Recent meta-analyses of grief therapy for adults conclude that overall effect sizes are vanishingly small to nonexistent when therapy is universally applied.

"By far the most benefit was evidenced in indicated interventions that specifically targeted persons with high levels of distress," the authors wrote. "Curiously, however, even indicated interventions produced effect sizes that were markedly lower than typically found for psychotherapy."

Results were similar in children, although intervening early with grieving children improved efficacy.

So what’s the worst thing that could happen if people not at risk for complicated grief are referred for unnecessary therapy?

Doing harm, of course.

The possibility of introducing iatrogenic pathology is still unresolved, but Dr. Mancini and his associates noted that "grief treatments for unproblematic grief reactions" were included in a review of "potentially harmful" psychological interventions (Perspect. Psychol. Sci. 2007;2:53-70).

Soberingly, there’s a precedent. A specific intervention aimed at preventing PTSD, critical incident stress management, has been shown to interfere with natural recovery.

In a way, it all makes evolutionary sense.

Human life through the ages has been marked by horrific trauma and agonizing sorrow, just as it has been punctuated by moments of ecstatic joy.

Coping well would clearly be a selection-worthy trait in such a context.

The authors recommend that grief therapy be "reserved for children and adults with marked and persistent distress following a loss. The longstanding assumption that grief therapy is appropriate for all grievers is no longer tenable."

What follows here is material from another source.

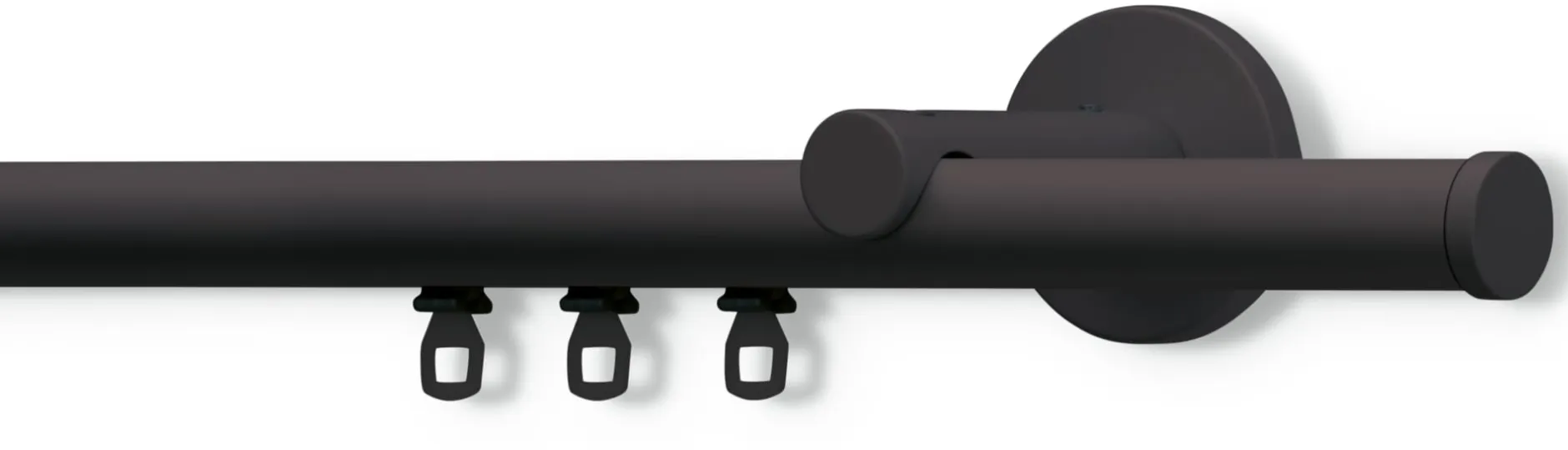 Die Halterungen sind aus leichtem Aluminium, das eloxiert oder weiß pulverbeschichtet ist, und passen so farblich perfekt zu den Gardinenstangen. Lediglich bei der bronzefarbenen Gardinenstange müssen Sie eine schwarze Deckenhalterung wählen (die Wandhalterung ist in Bronzefarben erhältlich).

When grievers screened for high levels of distress receive exposure-based therapy and the opportunity to cognitively process emotional reactions, there is benefit, several recent studies show. Not surprisingly, antidepressant therapy targeted specifically to grievers suffering symptoms of depression seems to be appropriate as well, since it seems to facilitate participation in recovery.

Specific data are not available to guide in the selection of survivors most at risk for complicated grief, but I think judgment is key.

 

 

As a physician, you have seen (and experienced) much grief.

If you detect levels of distress disproportional to the norm, or worry specifically about survivors with pre-existing mental health conditions or a history of many traumas and losses, it would seem reasonable to pay attention and to follow up. Perhaps, like the majority of people coping with loss, they will draw on social supports and inner reserves and heal just fine.

If their distress is extreme and persistent, evidence suggests it would be wise to refer them for psychosocial help in moving on.

Dr. Freed is a psychologist in Santa Barbara, Calif., and a medical journalist.